Supplied records –
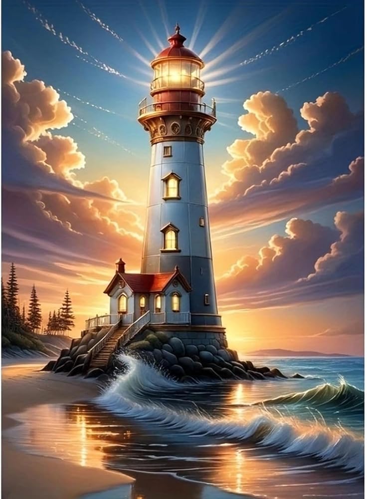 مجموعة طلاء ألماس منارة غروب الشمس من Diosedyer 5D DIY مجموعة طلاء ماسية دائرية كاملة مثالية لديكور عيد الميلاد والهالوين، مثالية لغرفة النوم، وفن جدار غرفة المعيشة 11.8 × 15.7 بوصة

--

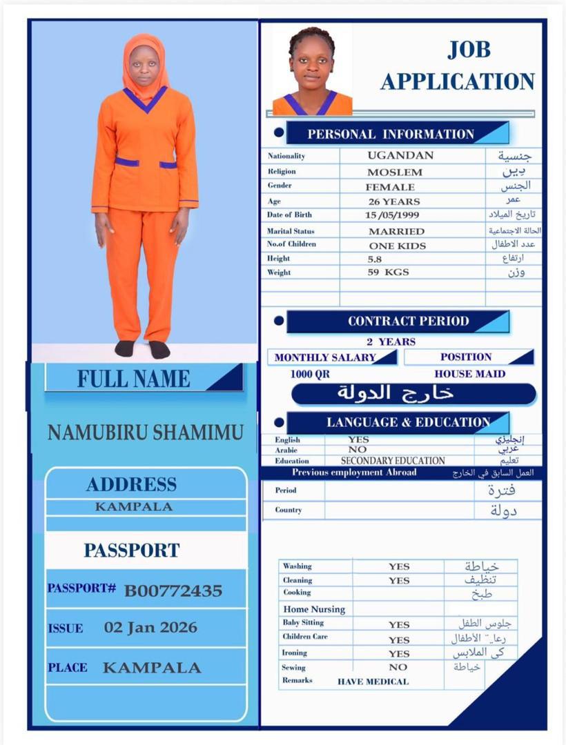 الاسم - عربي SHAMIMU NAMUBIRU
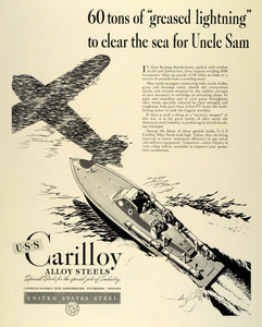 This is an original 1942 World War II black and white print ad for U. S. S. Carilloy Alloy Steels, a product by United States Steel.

Exercise directions – "الاسم - عربي SHAMIMU NAMUBIRU" marks the first line to copy, and "This is an original" marks the last. Repeat that stretch above exactly, with no pictures.

Answer space –
 الاسم - عربي SHAMIMU NAMUBIRU
 This is an original 1942 World War II black and white print ad for U. S. S. Carilloy Alloy Steels, a product by United States Steel.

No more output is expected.